‘The Sphinx’ by Edgar Allan Poe

The Sphinx by Edgar Allan Poe, 1846

The magic trick:

Establishing a feeling of panic, fear, and superstition early in the story 

Happy Halloween!

This is a special story for me because I was able to hear and see it live at the Poe Museum in Richmond, Virginia, with my wife. She set up the visit to celebrate our second wedding anniversary, so I will always remember the story very fondly.

It’s also a very good story. That helps too.

The story sets up two key ideas before the plot really gets moving. One: we learn that our narrator is moving up north of New York City to avoid the cholera epidemic. So he’s got death and disease all around. Secondly, the narrator discusses with his friend the nature of omens – are they real? Figments of a superstitious mind?

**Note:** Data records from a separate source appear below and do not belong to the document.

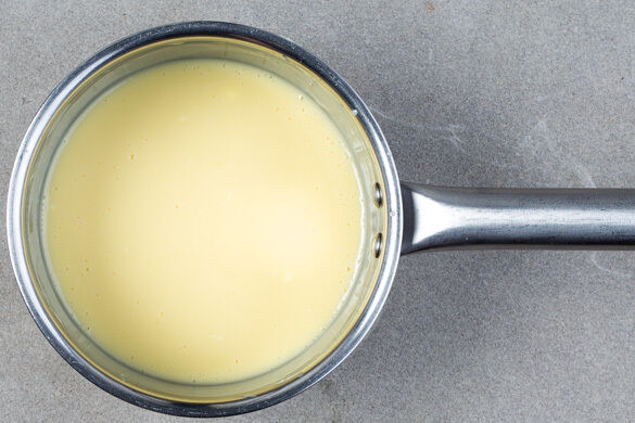 Die Crème fraîche und 1 kleine Prise Salz in die geschmolzene Schokolade rühren, bis eine glatte Creme entsteht. Den Topf vom Herd nehmen.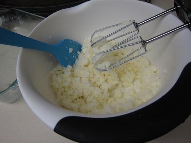 Beat in the eggs one at a time.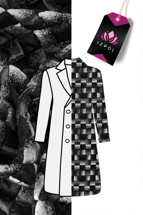 Quilted jacket fabric with 3D effect. The grid is 3cmx 3 cm in size, silver-black in color, gently speckled. The fabric is double-sided, on top with a delicate sheen, it is lined with black organza. A proposal for a spectacular jacket or coat. It can also be a decorative fabric, e.g. for pillows.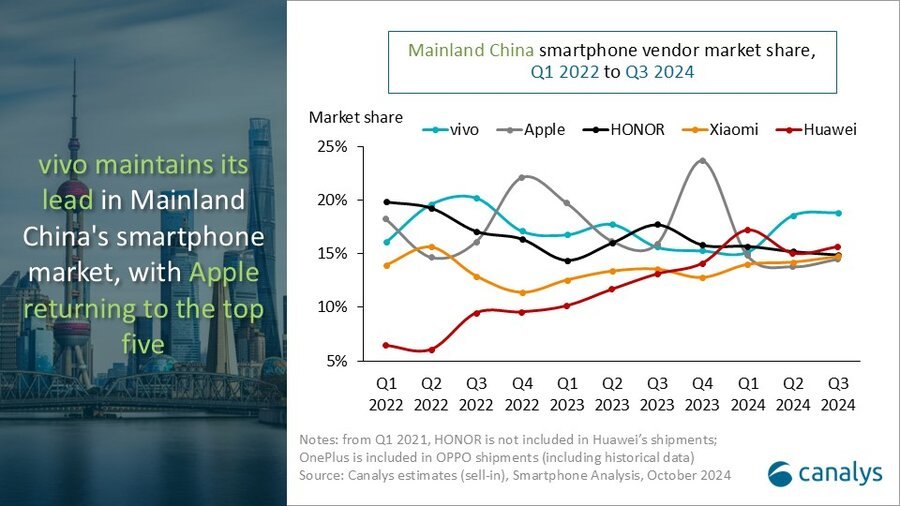 Vivo remains the leader in smartphone shipments yet again for Q3 2024, with a 3% growth from last quarter. Cnalays attributed this growth to the mid-range products launches that boosted both online and offline sales. Its shipments climbed 25% year-on-year to 13 million units to capture a solid 19% market share.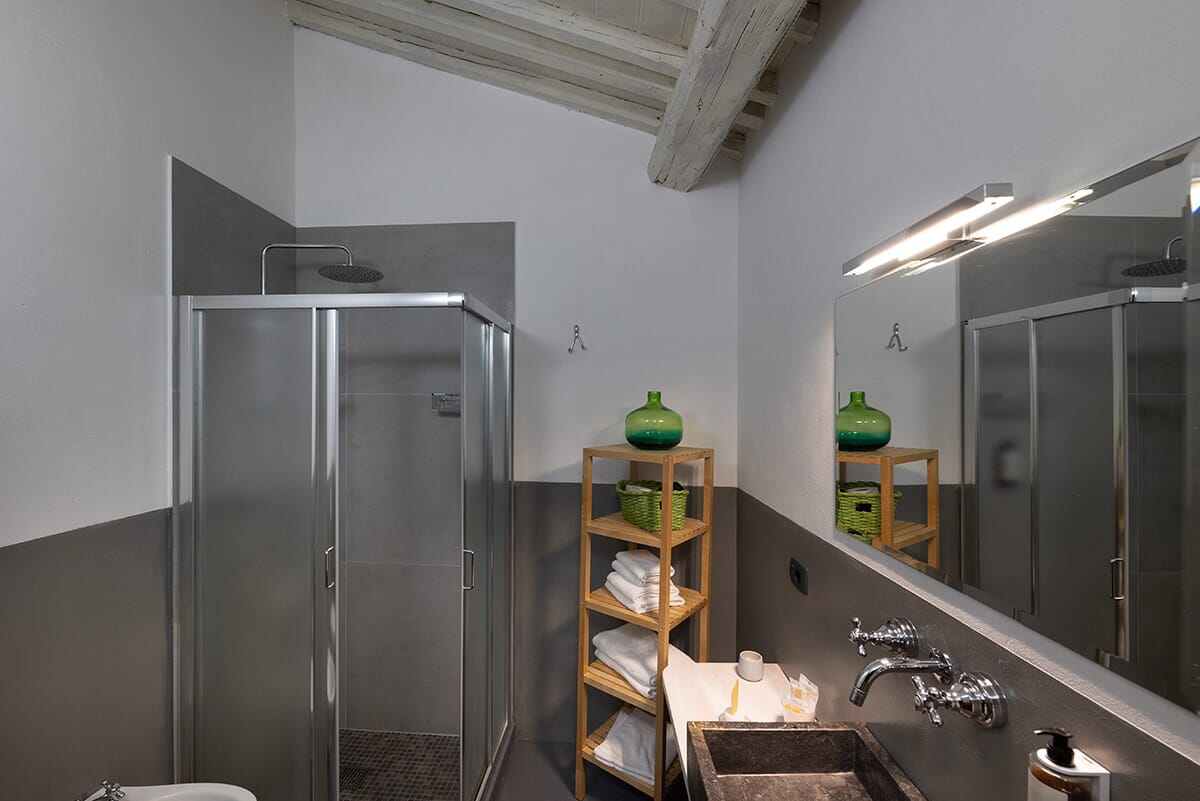 La Piazza is a double bedroom with private bathroom, bleached exposed beam ceiling and rough terracotta floor. Spacious and welcoming, it enjoys a splendid view of the main square with its magnificent loggia and of the Val d'Orcia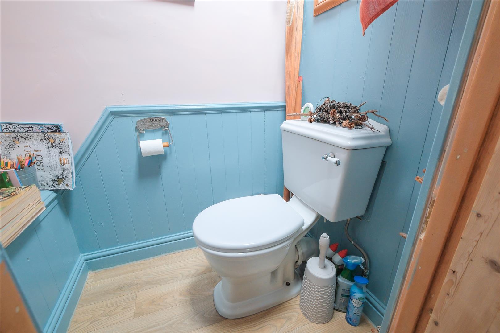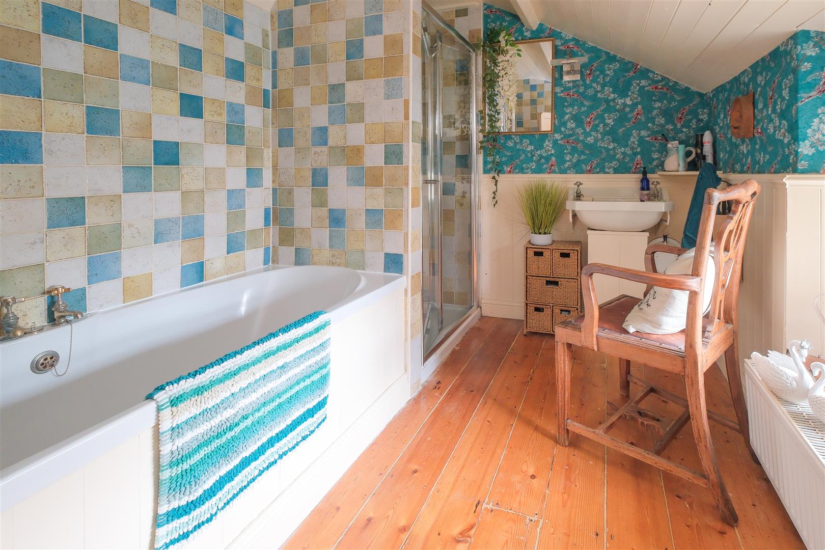 The rear garden is enclosed and walled providing a secluded environment with slate paved and sleeper decked patio area and steps leading up to a lawn with established tree, shrub and flower beds. Two outside taps. Dog shower.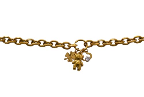 Generic - Bear Charm Stainless Steel Curb Chain Bracelet For Women - Gold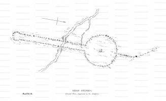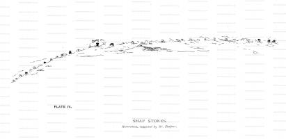 Cumbria and Westmorland Antiquarian and Archaeological Society. I propose to give you his results, with the aid of a map traced from the Ordnance Survey, (see Plate I). On that map is a farm house, called Brackenbyr, about 100 yards south of the railway station, and nearly opposite the Greyhound Inn, at Shap, which is on the east side of the high road, while the farm is on the west. Here Dr. Simpson thinks he could, in 1859, from tradition and from various indications, make out that there once was a stone circle, 400 feet in diameter, with a large stone in the centre. There is a legend of a huge stone which once stood here, and was cut up into seven pairs of "yat-stoops" (gate posts).1 From this circle at Brackenbyr, an avenue or double row of stones ran to the south and terminated in a stone circle, of which some five stones2, as well as three forming part of the avenue, are still to be seen on the west side of the L. and N. W. Railway, which, most unluckily, on its formation in 1844, passed over and destroyed the remains of the avenue, leaving only the eight stones just mentioned. The diameter of the circle was 30 yards3, and it is at a place called Shapsey, about half a mile to the south of Brackenbyr. With this paper is given, (Plate II) a reproduction of a drawing, made in 1775, by Lady Lowther, wife of Sir James Lowther, afterwards Earl of Lonsdale. This shows the avenue, and is taken from the Shapsey, or south end of it, looking north. Returning again to the Brackenbyr circle, Dr. Simpson makes out a single row of large stones (the huge pyramidal stones) running from that circle in a north-westerly direction, of which four stones remain at Karl Lofts4, about 200 yards north of the Greyhound Inn at Shap. Seven or eight others, including the Guggleby, are yet to be found, and tradition says they extended as far as Moor Divock. Dr. Simpson's restoration of the Shap Stones is reproduced here as Plate III, which gives a ground plan, while Plate IV gives his idea of the appearance presented by the single row of large stones (the huge pyramidal stones) running from the Brackenbyr circle in a north-westerly direction. We are inclined to think he shows far too many stones. Canon Greenwell appears to approve of Dr. Simpson's restoration: at any rate, he writes:—

The plot ramps up. Terror ensues.

But it’s all about those initial premises: disease and omens. I don’t want to say more, for fear of ruining the story for those who haven’t read it. But the ending does a neat job of commenting on the way disease and omens can plague one’s mind. And that’s quite a trick on Poe’s part.

The selection:

During the dread reign of the Cholera in New York, I had accepted the invitation of a relative to spend a fortnight with him in the retirement of his cottage ornee on the banks of the Hudson. We had here around us all the ordinary means of summer amusement; and what with rambling in the woods, sketching, boating, fishing, bathing, music, and books, we should have passed the time pleasantly enough, but for the fearful intelligence which reached us every morning from the populous city. Not a day elapsed which did not bring us news of the decease of some acquaintance. Then as the fatality increased, we learned to expect daily the loss of some friend. At length we trembled at the approach of every messenger. The very air from the South seemed to us redolent with death. That palsying thought, indeed, took entire possession of my soul. I could neither speak, think, nor dream of any thing else. My host was of a less excitable temperament, and, although greatly depressed in spirits, exerted himself to sustain my own. His richly philosophical intellect was not at any time affected by unrealities. To the substances of terror he was sufficiently alive, but of its shadows he had no apprehension.